The squadron was reformed on 6 December 1940, initially flying Bristol Blenheim light bombers on convoy escort duties. In June 1941 the squadron was re-equipped with Bristol Beaufort torpedo bombers, and began minelaying sorties on 15 July. After flying reconnaissance and air-sea rescue missions for three months the squadron started anti-shipping strikes, with the first torpedo bomber operation taking place on 12 December.

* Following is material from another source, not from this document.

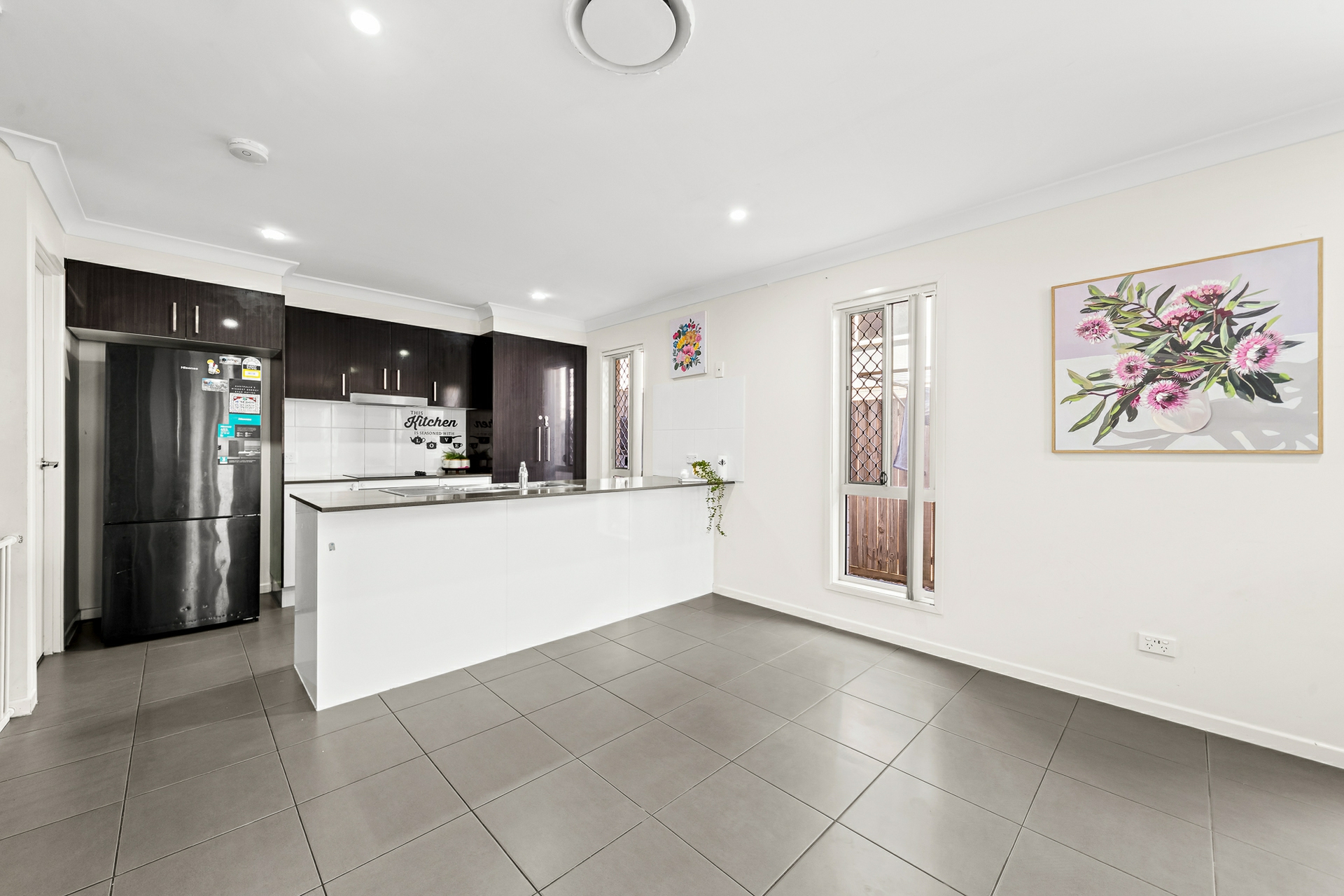 Designed for easy living, the home features a spacious open-plan living and dining area with tiled flooring and ducted air conditioning throughout, creating a light-filled and welcoming space for everyday living and entertaining. The modern kitchen is perfectly positioned at the heart of the home and offers quality appliances, ample cupboard space and a practical layout to suit busy lifestyles.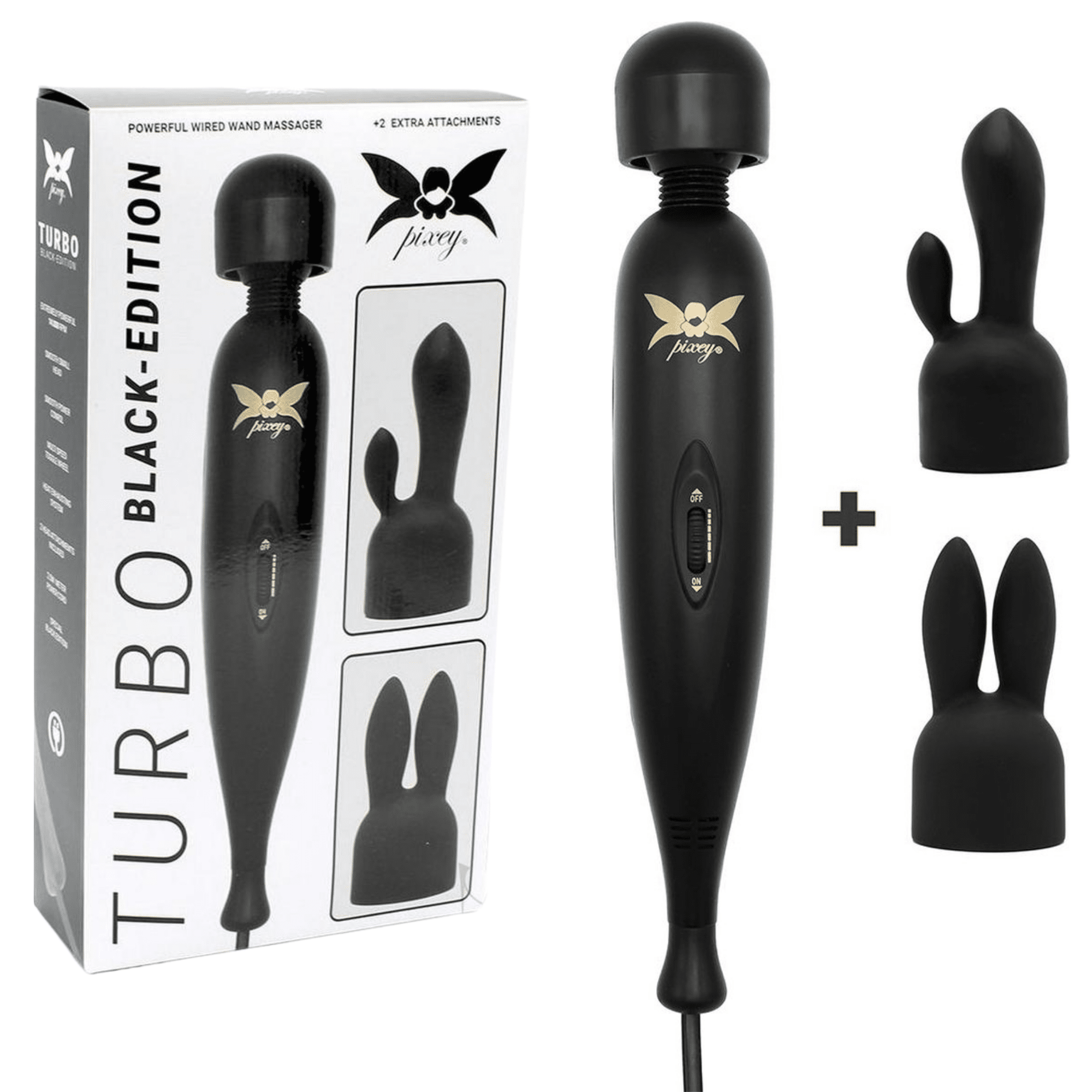 Engineered with an extremely powerful vibration motor, the updated Pixey Turbo Wand Vibrator Massager Black Edition With Two Attachments takes your pleasure and massage experience to a whole new level. Despite its compact size, this wand is one of the world’s most powerful massagers — delivering unmatched performance through a specially designed smooth head and two versatile attachments.

In March 1942 the Squadron moved to northern Scotland to engage in patrols and strikes on the Norwegian coast, before being converted to the Consolidated Liberator by early 1943. In March of that year, it moved to Northern Ireland to fly anti-submarine patrols, before moving to RAF Reykjavík, Iceland, a year later. In July 1944 the Squadron return to Scotland, where it remained for the rest of the war.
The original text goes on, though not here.